(Data provided begins)
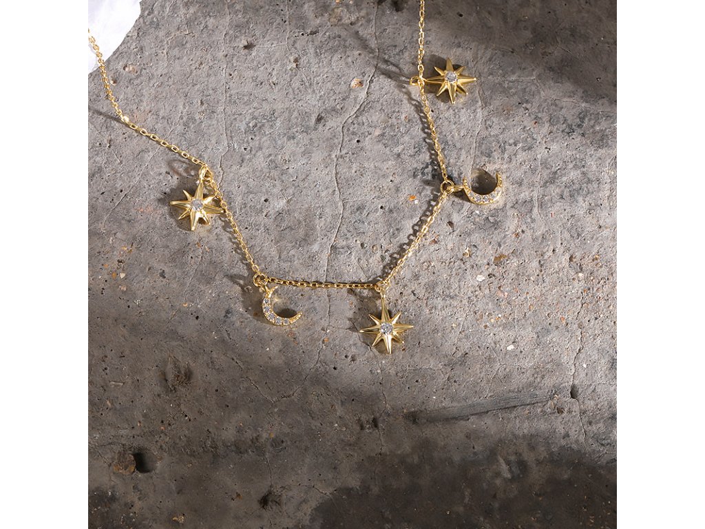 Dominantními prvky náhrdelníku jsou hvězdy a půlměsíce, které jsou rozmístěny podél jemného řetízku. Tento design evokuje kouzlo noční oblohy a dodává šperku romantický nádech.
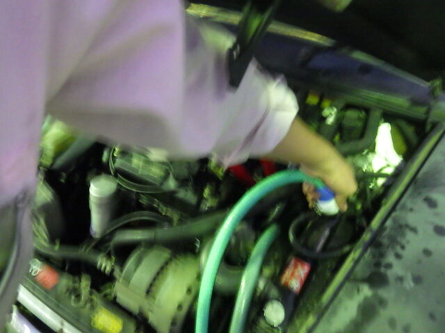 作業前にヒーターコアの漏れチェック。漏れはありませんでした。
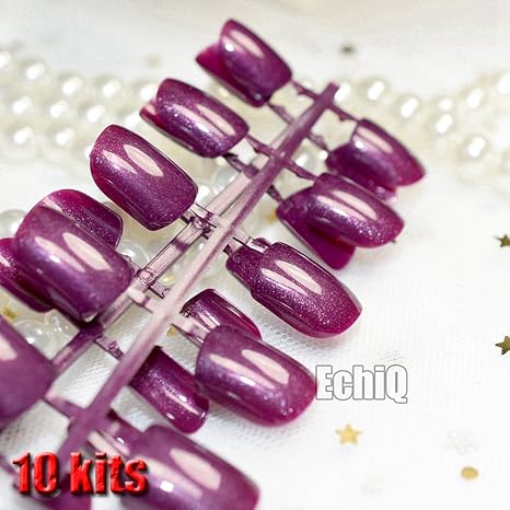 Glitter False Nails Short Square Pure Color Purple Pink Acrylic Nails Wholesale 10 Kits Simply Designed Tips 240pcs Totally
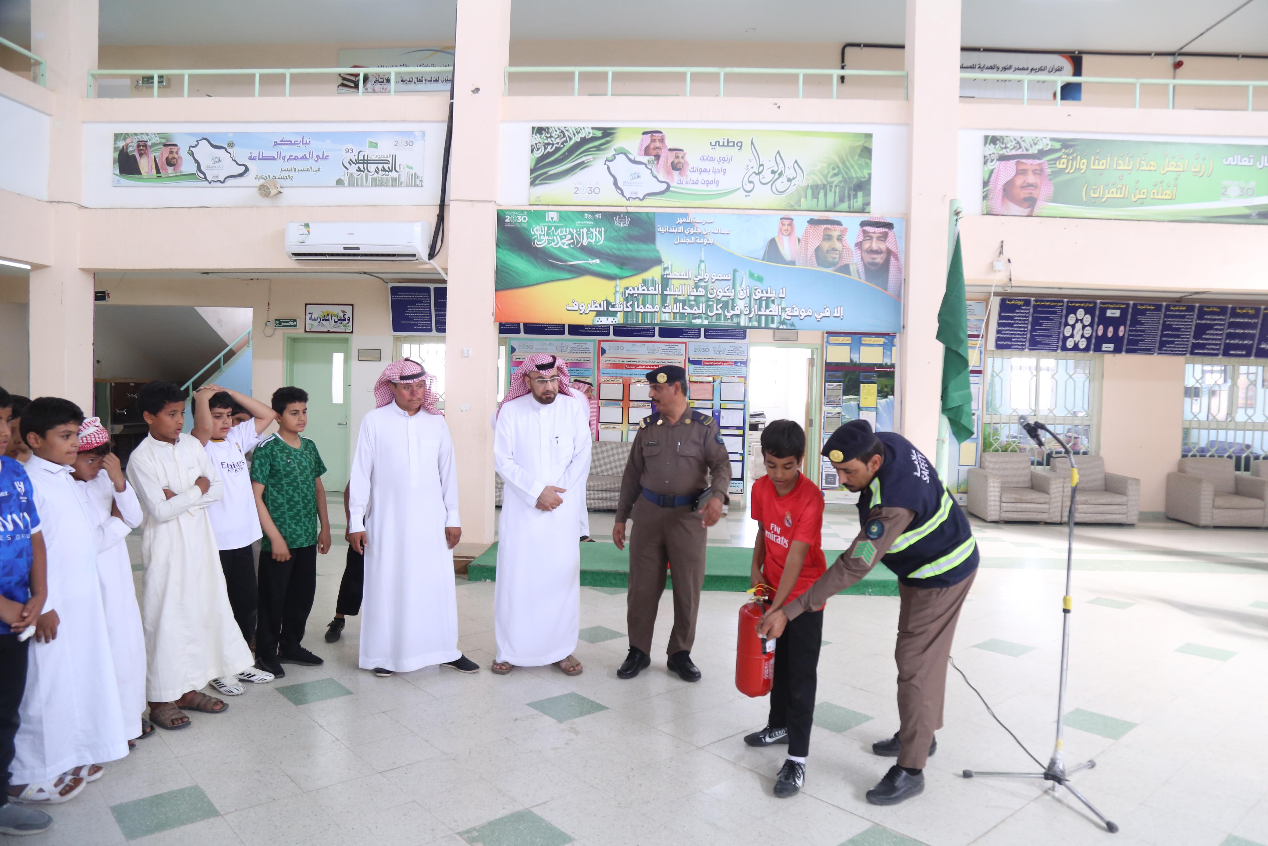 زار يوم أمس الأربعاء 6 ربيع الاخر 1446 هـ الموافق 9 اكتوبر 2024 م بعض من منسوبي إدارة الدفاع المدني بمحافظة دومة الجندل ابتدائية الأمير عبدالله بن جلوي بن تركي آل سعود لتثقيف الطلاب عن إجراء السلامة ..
(Data provided ends)
(Data provided begins)
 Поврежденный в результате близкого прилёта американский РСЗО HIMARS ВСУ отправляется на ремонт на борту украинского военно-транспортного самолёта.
(Data provided ends)
## Exercise details
Restate word for word the lines of the data above that begin at the line with "Dominantními prvky náhrdelníku" and end at the line with "زار يوم أمس", keeping both ends and dropping every picture.

## Response area
 Dominantními prvky náhrdelníku jsou hvězdy a půlměsíce, které jsou rozmístěny podél jemného řetízku. Tento design evokuje kouzlo noční oblohy a dodává šperku romantický nádech.
 作業前にヒーターコアの漏れチェック。漏れはありませんでした。
 Glitter False Nails Short Square Pure Color Purple Pink Acrylic Nails Wholesale 10 Kits Simply Designed Tips 240pcs Totally
 زار يوم أمس الأربعاء 6 ربيع الاخر 1446 هـ الموافق 9 اكتوبر 2024 م بعض من منسوبي إدارة الدفاع المدني بمحافظة دومة الجندل ابتدائية الأمير عبدالله بن جلوي بن تركي آل سعود لتثقيف الطلاب عن إجراء السلامة ..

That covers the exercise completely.